AuthorsE. Tasoulas, F. Zahid, E. G. Gran, K. Begnum, B. D. Johnsen and T. Skeie
TitleEfficient Routing and Reconfiguration in Virtualized HPC Environments with vSwitch-enabled Lossless Networks
AfilliationCommunication Systems
Project(s)ERAC: Efficient and Robust Architecture for the Big Data Cloud
Publication TypeJournal Article
Year of Publication2018
JournalConcurrency and Computation: Practice and Experience
PublisherJohn Wiley & Sons
KeywordsInfiniBand, Lossless Interconnection Networks, Network Reconfiguration, Network Routing, SR-IOV, Virtualization

To meet the demands of communication-intensive workloads in the cloud, virtual machines (VMs) should utilize low overhead network communication paradigms. In general, such paradigms enable VMs to directly communicate with the hardware by means of a passthrough technology like Single-Root I/O Virtualization (SR-IOV). However, when passthrough-based virtualization is coupled with lossless interconnection networks, live-migrations introduce scalability challenges due to the substantial network reconfiguration overhead. With these challenges in mind we proposed a virtual switch (vSwitch) SR-IOV architecture for InfiniBand in (33).
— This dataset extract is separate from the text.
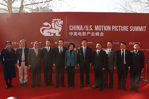 国家新闻出版广电总局副局长童刚(前排右三),全国政协委员、原新闻出版总署副署长、中国新闻文化促进会理事长李东东(前排右二)、中信国安集团有限公司董事长李士林(前排右四)等在会场。 本次峰会是中美电影界规格最高的一次交流盛会,国家新闻出版广电总局副局长童刚,全国政协委员、原新闻出版总署副署长、中国新闻文化促进会理事长李东东,全国政协委员、中国文联副主席、书记处书记夏潮,国家新闻出版广电总局电影局副局长栾国志,中国电影家协会分党组书记张宏,中国电影家协会副主席明振江、王兴东,北京电影学院理事会理事长侯光明,中信国安集团有限公司董事长李士林,中信集团总经理助理罗宁,廊坊市副市长刘文萍与美国电影艺术与科学学院(奥斯卡奖评委会)主席谢丽尔·布恩·艾萨克斯,迪士尼影业公司董事局原主席、美国DCS影业公司董事长迪克·库克,美国电影制片人工会主席加里·卢切西,南加州大学电影艺术学院院长伊丽莎白·戴利,第77届奥斯卡奖最佳影片奖、第78届奥斯卡最佳影片、最佳编剧奖获得者、著名导演、编剧保罗·哈吉斯,凭借《地心引力》荣获第86届奥斯卡最佳导演奖的阿方索·卡隆,第68届奥斯卡最佳编剧奖提名获得者、《勇敢的心》《珍珠港》编剧兰道尔·华莱士,曾获第64届、第79届奥斯卡最佳影片奖提名在内的18项奥斯卡奖提名的著名制片人、导演、编剧唐·翰,华纳兄弟全球执行副总裁理查德·福克斯等三十余位来自美国好莱坞的电影界领军人物,以及中国著名导演陆川、康洪雷等出席峰会。
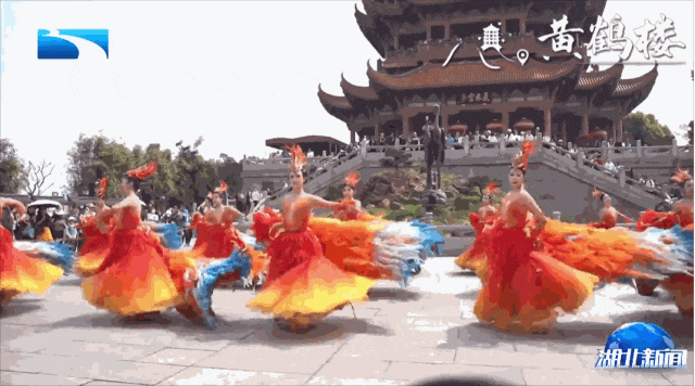 跟着人流往里走,到了西广场,央视蛇年春晚的同款舞蹈《凤舞九天》正在上演。舞蹈演员们身着华服,在樱花树下翩翩起舞,将武汉的“凤凰精神”演绎得淋漓尽致。

In this paper, we first suggest solutions to rectify the space-domain scalability issues that are present in vSwitch-enabled subnets as a result of the VMs using dedicated layer-two addresses. Then we discuss routing strategies for virtualized environments using vSwitches, and present a routing algorithm for Fat-Trees. We also present a reconfiguration method that minimizes imposed reconfiguration overhead on Fat-Trees. We perform an extensive evaluation of our prototype algorithms, and as vSwitch-enabled hardware does not yet exist, we deduce from empirical observations by emulating vSwitches with existing hardware, as well as large-scale simulations. Our results show significant reduction in the reconfiguration times as route recalculations can be eliminated, and for certain scenarios, the number of reconfiguration subnet management packets sent to switches is reduced from several hundred thousand down to a single one without degrading the routing quality.